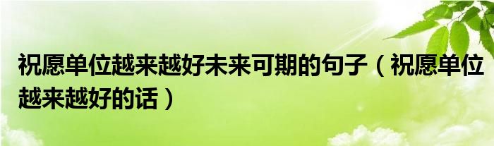 关于祝愿单位越来越好未来可期的句子,祝愿单位越来越好的话这个很多人还不知道,今天菲菲来为大家解答以上的问题,现在让我们一起来看看吧!
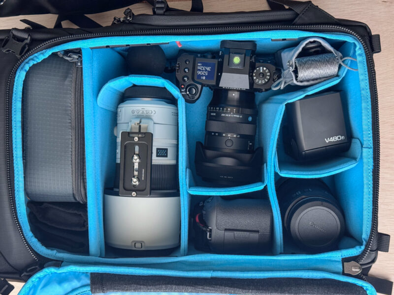 この他にノートPC(例 MacBook Pro 14″ 約1600g)や予備バッテリーを入れるとギリ10kg以内でしょうか。安全を期すならフィルターなどのアクセサリ類は預け入れ荷物に入れた方が良さそうです。
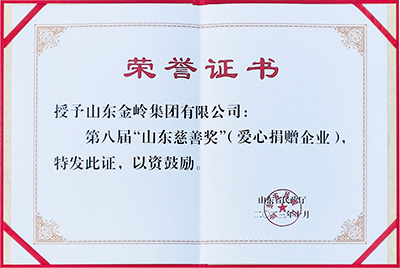 2023年10月份,山東省民政廳授予山東金嶺集團有限公司“第八屆山東慈善獎愛心捐贈企業(yè)”榮譽稱號,以表彰公司在參與公益慈善事業(yè),推動山東新時代慈善事業(yè)高質量發(fā)展中做出的突出貢獻。

▶ [What you are asked to do]: An exact reproduction of the material above is needed, without its pictures.

▶ [Your solution]:
 关于祝愿单位越来越好未来可期的句子,祝愿单位越来越好的话这个很多人还不知道,今天菲菲来为大家解答以上的问题,现在让我们一起来看看吧!
 この他にノートPC(例 MacBook Pro 14″ 約1600g)や予備バッテリーを入れるとギリ10kg以内でしょうか。安全を期すならフィルターなどのアクセサリ類は預け入れ荷物に入れた方が良さそうです。
 2023年10月份,山東省民政廳授予山東金嶺集團有限公司“第八屆山東慈善獎愛心捐贈企業(yè)”榮譽稱號,以表彰公司在參與公益慈善事業(yè),推動山東新時代慈善事業(yè)高質量發(fā)展中做出的突出貢獻。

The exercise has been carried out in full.